Section 4091 of the Internal Revenue Code of 1954 imposes a tax upon lubricating oils sold by the manufacturer or producer thereof. Section 314.43(a) of Regulations 44, made applicable to the 1954 Code by Treasury Decision 6091, C.B. 1954-2, 47, provides that no tax attaches where oil is sold by the manufacturer direct to a person who uses it for nonlubricating purposes, provided the manufacturer has definite knowledge, prior to or at the time of sale, that the product is purchased for such purposes, and he obtains from such person a certificate of nonlubricating use in the form prescribed by that section. No sale of oil may be made tax free by the manufacturer to a dealer for resale for a nonlubricating purpose even though it is known at the time of sale that the oil will be so resold.

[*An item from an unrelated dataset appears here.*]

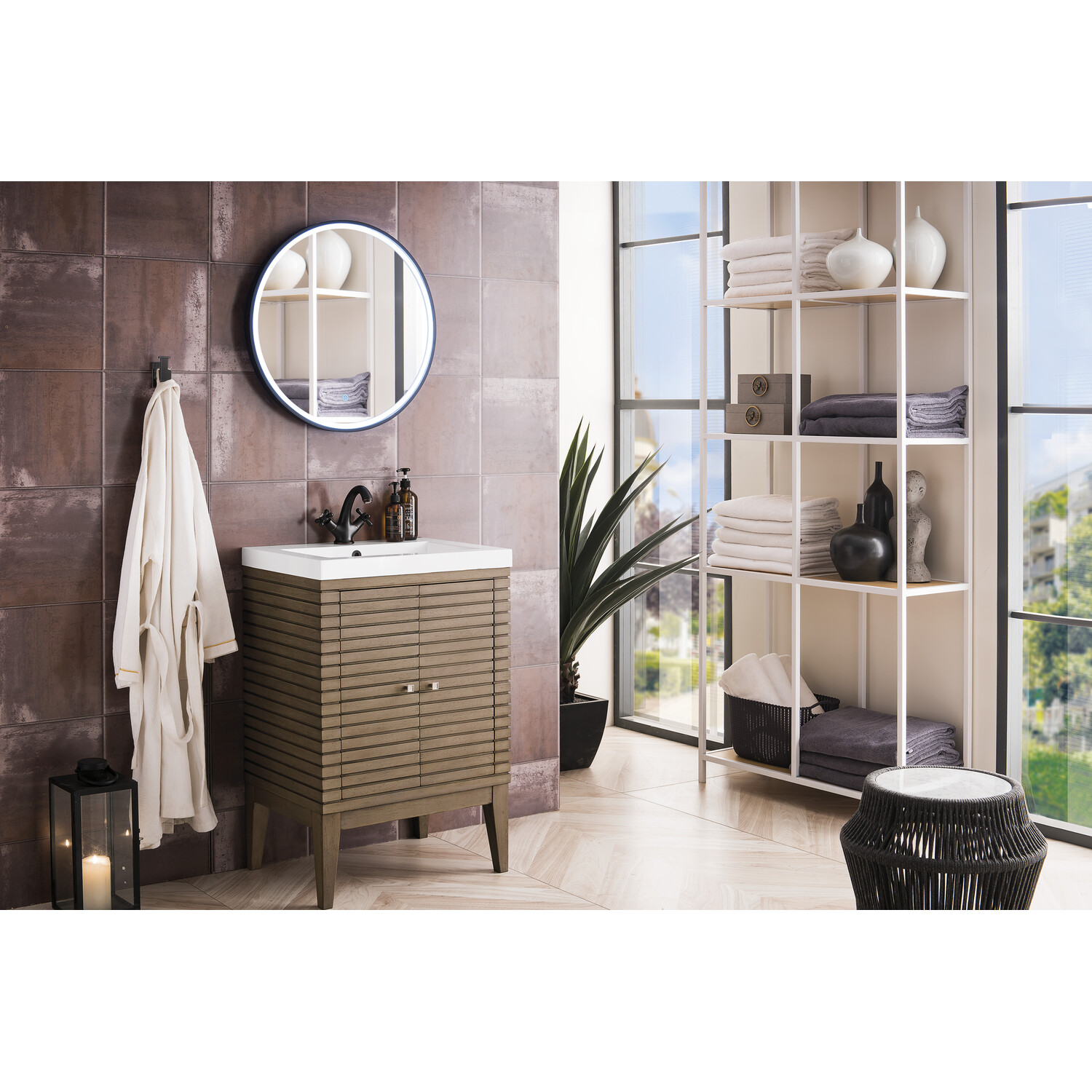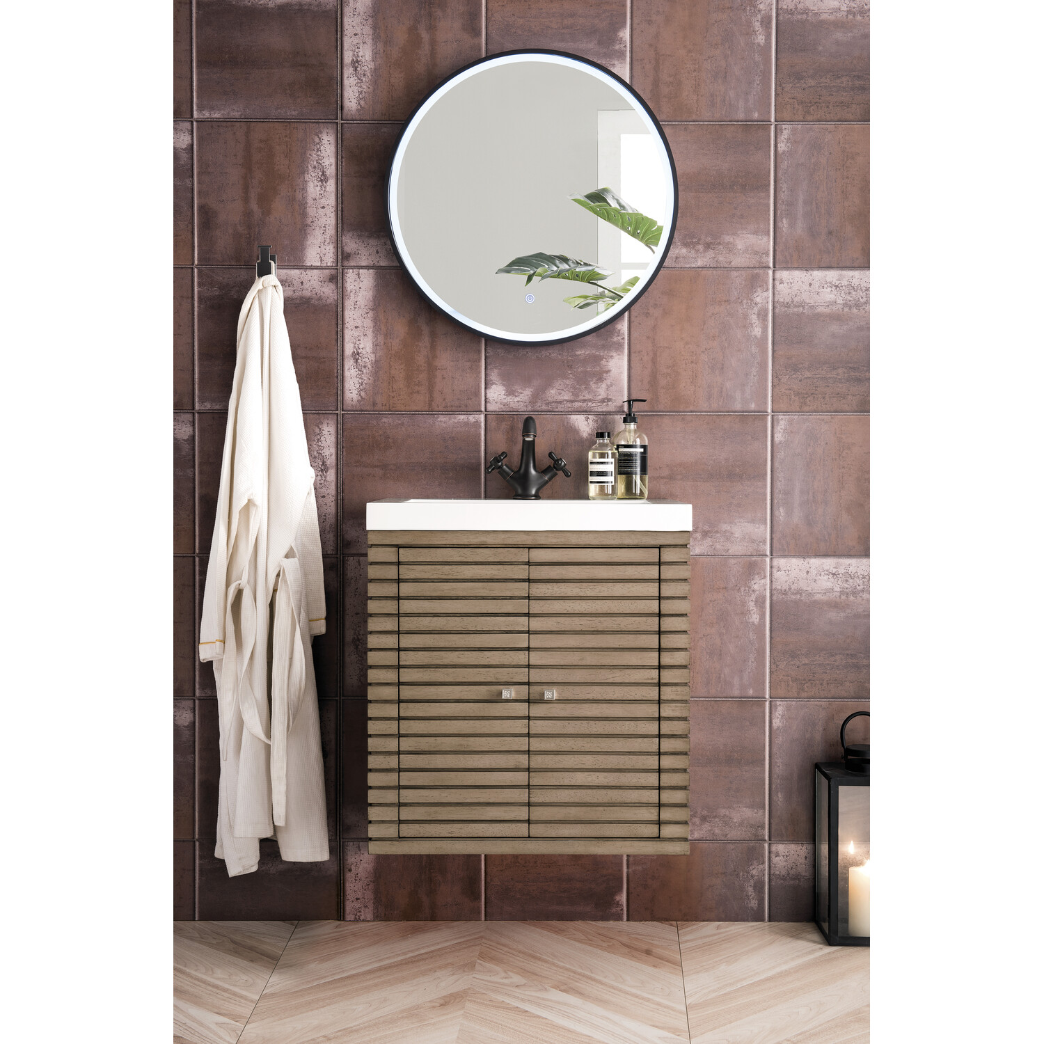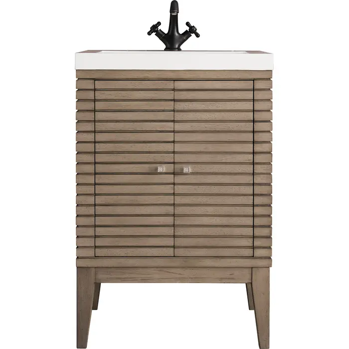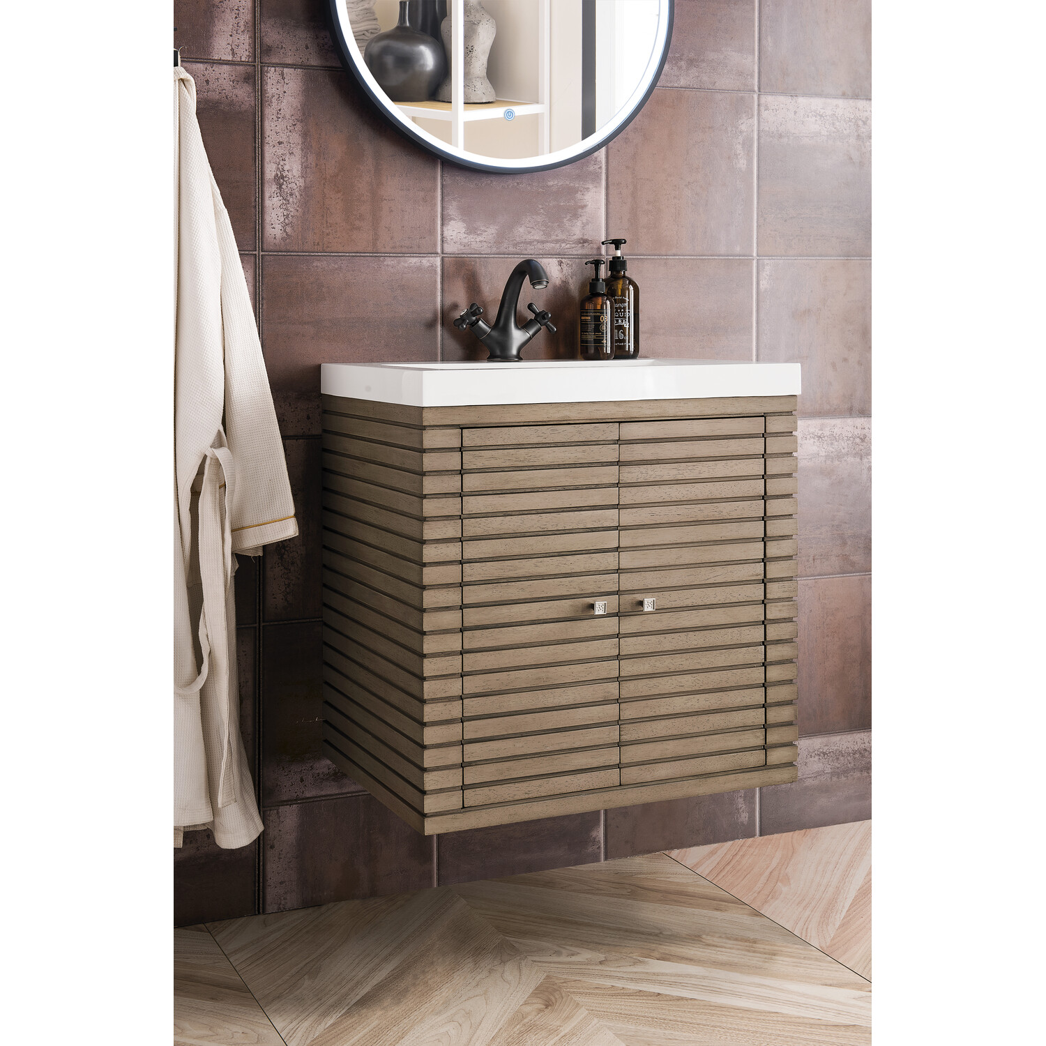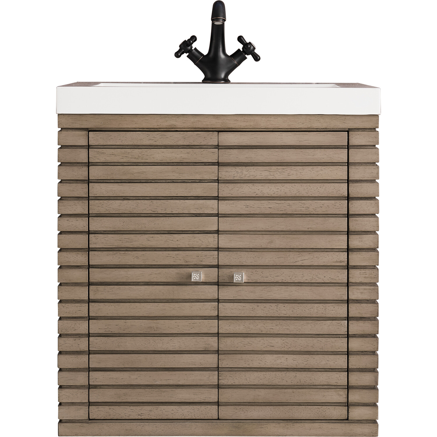 James Martin Linden 24 inch Single Bathroom Vanity, Whitewashed Walnut w/ White Glossy Composite Stone Top E213V24WWWWG

It is held that, since castor oil is seldom used for lubricating purposes even though it has qualities which make it capable of being used for such purposes, it may be sold free of the tax imposed by section 4091 of the Code for nonlubricating purposes without the necessity of obtaining exemption certificates usually required with such sales, provided, however, that the manufacturers of the product shall account for and pay the tax with respect to any such oil which may actually be sold for lubricating purposes. A complete record of all sales of such castor oil must be retained by the manufacturer or producer thereof for a period of at least four years and be kept available for inspection by representatives of the Internal Revenue Service.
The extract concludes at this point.